Where to Find Inspiration For a Red-hot Home Page
The World Wide Web and its many manifestations have exponentially magnified a company’s ability to tell its story at a relatively negligible cost. The web can take even a small business global.
The website is any company’s primary port of entry into its online presence. When a person hears about an interesting company the first thing they typically do is seek out its website in search of information. And what do they find?
Many times it isn’t pretty. Indeed, most websites are sorely lacking in quality design, navigation and content. The torts and misdemeanors committed on the home pages of business websites are many. They include:
>> Content that is focused on the company rather than the visitor. This is an invitation to make a fast exit from the site.
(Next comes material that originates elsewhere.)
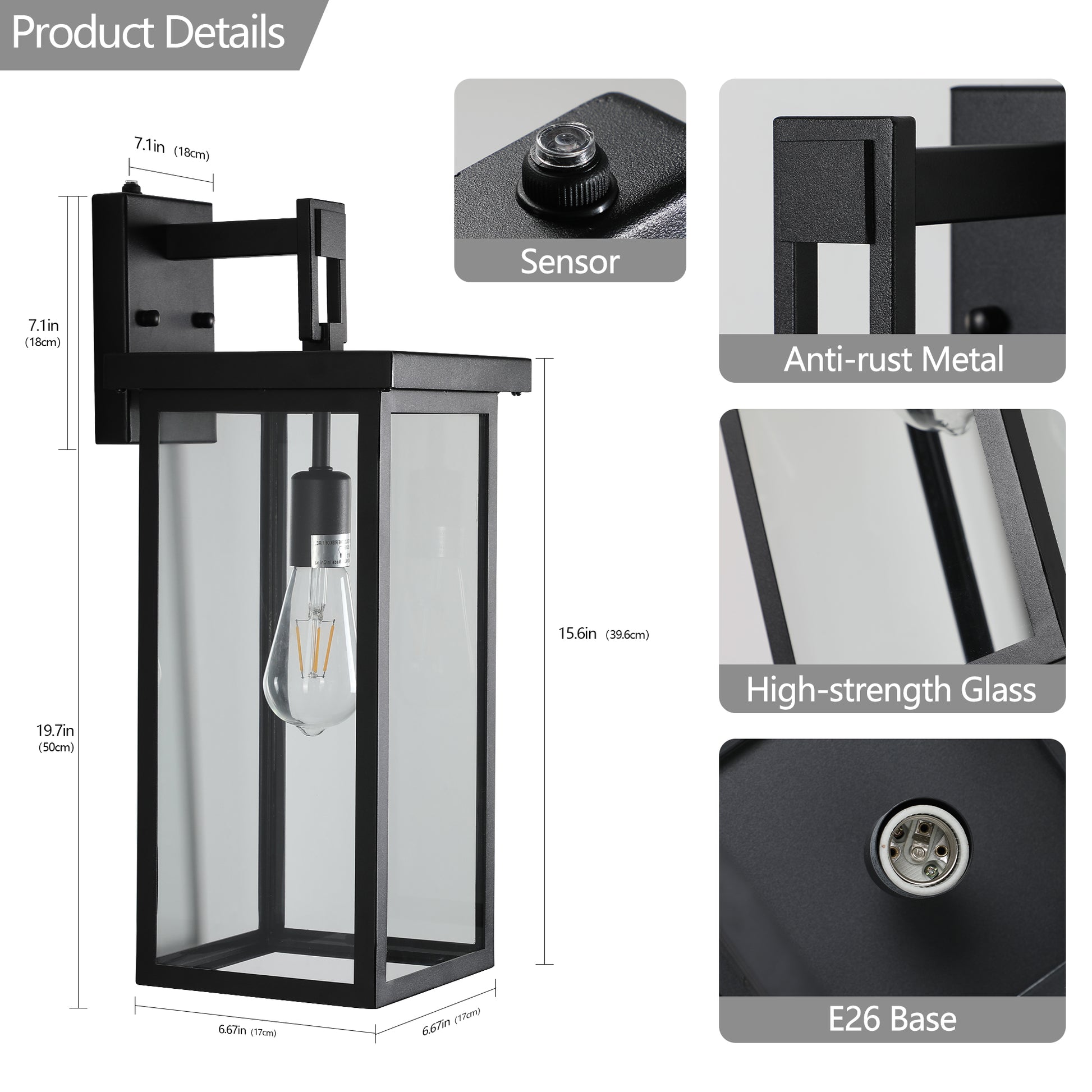 Set Of 2 Modern Outdoor Wall Lanterns With Black Metal Frame And Clear Glass, Ambient Light Sensors,Weatherproof Wall Sconces For Porch, Garage, Or Entryway Lighting, E26 Bulb Compatible Black Modern Glass Aluminium

>> A design that is too busy, disorganized and confusing. The power of simplicity is lost on most home pages.
>> No sales hooks or call to action. If you don’t ask for the sale you usually don’t get the customer.
>> No attempt to develop an abiding relationship with visitors by having them subscribe to a newsletter, blog or podcast. The sales process can be a long one, and developing a communication channel is a promising first step.
>> The home page doesn’t connect visitors to the company’s larger online strategy, such as Social Media sites like Twitter, Facebook, LinkedIn and YouTube. Without Social Media integration the website is unable to project its content and influence.
>> There is no design continuity with the company’s other collateral and promotional materials. Inconsistent marketing materials diminish a company’s brand.
>> It doesn’t offer prominent and clear navigation links. One of the most important things a company must do with its home page is create a sense of destination, and clear navigation is the key to that.
>> No effort is made to establish a sense of intimacy between the visitor and company. Companies, like people, have personalities. Share it with your visitors so people can connect.
But let’s not dwell on the negative. Let’s take a look at an exemplary website that can serve as a model for our own websites, one that does everything right. Open a new tab or second browser window and go to Mint.com.
This is the home page for Mint Software, a very successful Mountain View, Calif.-based company. The first thing we notice is the lean, clean design and pleasing color palette.
Secondly, is there any doubt what business service these guys have to offer you? Not after reading the prominent banner headline: The best (free) way to manage your money. This is crucial. If a person doesn’t understand what you do within a few seconds there’s no reason to stick around.
Pass your cursor over the “safe and secure” link near the lower right corner of the page and a video screen containing a picture of Mint Software founder and CEO Aaron Patzer appears. It a powerful thing when a CEO speaks on a company’s behalf. During the two-minute video Patzer starts by reassuring potential customers that it’s safe to do business with his company because Mint has “bank-level data security” built into its servers. He goes on to explain the advantages of having all your accounts consolidated in a single place, such as easier fraud detection and alerts. Video is powerful and intimate, especially when the company’s leader takes the initiative and speaks directly to prospective customers.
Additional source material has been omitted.